For each $k\in\mathbb{N}$, define the first-return layer $A_k\in\mathcal{B}$ by
\begin{align*}
A_k:=\{x\in A:n_A(x)=k\}=A\cap\bigcap_{i=1}^{k-1}T^{-i}(A^c)\cap T^{-k}(A).
\end{align*}
For each $m\in\mathbb{N}_0$, define the first-entry layer $C_m\in\mathcal{B}$ by
\begin{align*}
C_0:=A,
\end{align*}
and, for $m\geq 1$,
\begin{align*}
C_m:=\bigcap_{i=0}^{m-1}T^{-i}(A^c)\cap T^{-m}(A).
\end{align*}
Finally define the never-entry set
\begin{align*}
N:=\bigcap_{i=0}^{\infty}T^{-i}(A^c).
\end{align*}
Since $A\in\mathcal{B}$ and $T$ is measurable, all sets $A_k$, $C_m$, and $N$ are measurable. The measurability of $n_A:A\to\mathbb{N}\cup\{\infty\}$ follows because $\{n_A=k\}=A_k\in\mathcal{B}_A$ for every $k\in\mathbb{N}$ and $\{n_A=\infty\}=A\setminus\bigcup_{k\in\mathbb{N}}A_k\in\mathcal{B}_A$. The sets $(C_m)_{m\in\mathbb{N}_0}$ are pairwise disjoint, and
\begin{align*}
X=N\sqcup \bigsqcup_{m=0}^{\infty}C_m.
\end{align*}
Indeed, every point either never enters $A$, or has a unique first time $m\in\mathbb{N}_0$ at which it enters $A$.
[/step]
[step:Use ergodicity to make the first entry layers cover $X$ almost everywhere]

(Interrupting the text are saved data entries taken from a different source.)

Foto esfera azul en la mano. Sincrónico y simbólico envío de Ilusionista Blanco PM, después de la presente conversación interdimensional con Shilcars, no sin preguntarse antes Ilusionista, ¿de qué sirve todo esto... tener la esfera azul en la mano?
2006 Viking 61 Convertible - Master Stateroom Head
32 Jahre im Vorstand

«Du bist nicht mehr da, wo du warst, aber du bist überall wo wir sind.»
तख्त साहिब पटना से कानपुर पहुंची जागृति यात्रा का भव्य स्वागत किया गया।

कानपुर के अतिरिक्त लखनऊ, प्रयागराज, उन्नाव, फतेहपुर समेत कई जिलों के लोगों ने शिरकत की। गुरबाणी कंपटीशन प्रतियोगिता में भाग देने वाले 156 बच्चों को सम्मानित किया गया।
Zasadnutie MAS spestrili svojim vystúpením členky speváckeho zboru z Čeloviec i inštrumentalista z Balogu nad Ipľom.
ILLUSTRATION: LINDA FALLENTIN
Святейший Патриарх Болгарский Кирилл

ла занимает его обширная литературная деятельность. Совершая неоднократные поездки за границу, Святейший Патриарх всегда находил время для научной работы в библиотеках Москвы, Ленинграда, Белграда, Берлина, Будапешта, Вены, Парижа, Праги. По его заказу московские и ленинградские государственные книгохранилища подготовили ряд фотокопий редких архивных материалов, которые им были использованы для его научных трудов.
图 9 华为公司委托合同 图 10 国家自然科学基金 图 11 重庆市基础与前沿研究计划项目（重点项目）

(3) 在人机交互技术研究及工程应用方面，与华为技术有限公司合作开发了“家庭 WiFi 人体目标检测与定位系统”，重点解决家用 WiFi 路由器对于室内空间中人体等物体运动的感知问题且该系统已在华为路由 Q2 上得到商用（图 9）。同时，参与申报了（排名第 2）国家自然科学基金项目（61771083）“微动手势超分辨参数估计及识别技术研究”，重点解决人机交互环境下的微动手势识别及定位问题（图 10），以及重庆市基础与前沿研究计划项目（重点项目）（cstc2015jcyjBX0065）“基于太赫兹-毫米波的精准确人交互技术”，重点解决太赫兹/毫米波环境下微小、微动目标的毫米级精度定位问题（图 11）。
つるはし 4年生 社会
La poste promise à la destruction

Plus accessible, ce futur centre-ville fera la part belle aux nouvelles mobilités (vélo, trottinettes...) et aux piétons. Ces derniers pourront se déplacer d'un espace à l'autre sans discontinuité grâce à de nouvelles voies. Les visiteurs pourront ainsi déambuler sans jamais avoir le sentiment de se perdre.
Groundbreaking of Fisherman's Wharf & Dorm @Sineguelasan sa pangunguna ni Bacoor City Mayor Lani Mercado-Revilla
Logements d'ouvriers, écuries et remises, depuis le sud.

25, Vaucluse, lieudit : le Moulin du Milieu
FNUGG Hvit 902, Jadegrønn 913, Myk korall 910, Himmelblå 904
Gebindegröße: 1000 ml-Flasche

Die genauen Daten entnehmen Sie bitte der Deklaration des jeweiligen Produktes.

We prove that $\mu(N)=0$. Since $N\subseteq T^{-1}(N)$ and $T$ preserves $\mu$, we have
\begin{align*}
\mu(T^{-r}(N))=\mu(N)
\end{align*}
for every $r\in\mathbb{N}_0$. Define
\begin{align*}
M:=\bigcup_{r=0}^{\infty}T^{-r}(N).
\end{align*}
The sets $T^{-r}(N)$ are increasing in $r$, so by [Continuity from Below of Measures](/theorems/???),
\begin{align*}
\mu(M)=\lim_{r\to\infty}\mu(T^{-r}(N))=\mu(N).
\end{align*}
Moreover,
\begin{align*}
T^{-1}(M)=\bigcup_{r=1}^{\infty}T^{-r}(N)=M,
\end{align*}
because $N\subseteq T^{-1}(N)$. Thus $M$ is $T$-invariant. Since $N\subseteq A^c$, we have
\begin{align*}
\mu(M)=\mu(N)\leq \mu(A^c)=1-\mu(A)<1.
\end{align*}
Ergodicity gives $\mu(M)\in\{0,1\}$, and the strict bound forces $\mu(M)=0$, hence $\mu(N)=0$.
Therefore
\begin{align*}
\mu\left(X\setminus \bigsqcup_{m=0}^{\infty}C_m\right)=0.
\end{align*}
Also the set of points in $A$ which never return to $A$ is
\begin{align*}
R:=A\cap\bigcap_{i=1}^{\infty}T^{-i}(A^c)=A\cap T^{-1}(N),
\end{align*}
so
\begin{align*}
\mu(R)\leq \mu(T^{-1}(N))=\mu(N)=0.
\end{align*}
Thus the sets $(A_k)_{k\in\mathbb{N}}$ partition $A$ up to a $\mu$-null set.
[guided]
We first show that almost every point eventually enters $A$. The obstruction is the measurable set
\begin{align*}
N=\bigcap_{i=0}^{\infty}T^{-i}(A^c),
\end{align*}
whose points never visit $A$ at any non-negative time. If $x\in N$, then $T^i(x)\in A^c$ for every $i\geq 0$, and therefore $T^{i+1}(x)\in A^c$ for every $i\geq 0$. Equivalently, $T(x)\in N$, so $x\in T^{-1}(N)$. Hence
\begin{align*}
N\subseteq T^{-1}(N).
\end{align*}
To use ergodicity, we need an invariant set. Define
\begin{align*}
M:=\bigcup_{r=0}^{\infty}T^{-r}(N).
\end{align*}
Because $N\subseteq T^{-1}(N)$, applying $T^{-r}$ gives
\begin{align*}
T^{-r}(N)\subseteq T^{-(r+1)}(N)
\end{align*}
for every $r\in\mathbb{N}_0$. Thus the union defining $M$ is increasing. Since $T$ preserves $\mu$, each iterate preserves measure under preimages:
\begin{align*}
\mu(T^{-r}(N))=\mu(N).
\end{align*}
By [Continuity from Below of Measures](/theorems/???),
\begin{align*}
\mu(M)=\lim_{r\to\infty}\mu(T^{-r}(N))=\mu(N).
\end{align*}
Now check invariance. We compute directly:
\begin{align*}
T^{-1}(M)
=T^{-1}\left(\bigcup_{r=0}^{\infty}T^{-r}(N)\right)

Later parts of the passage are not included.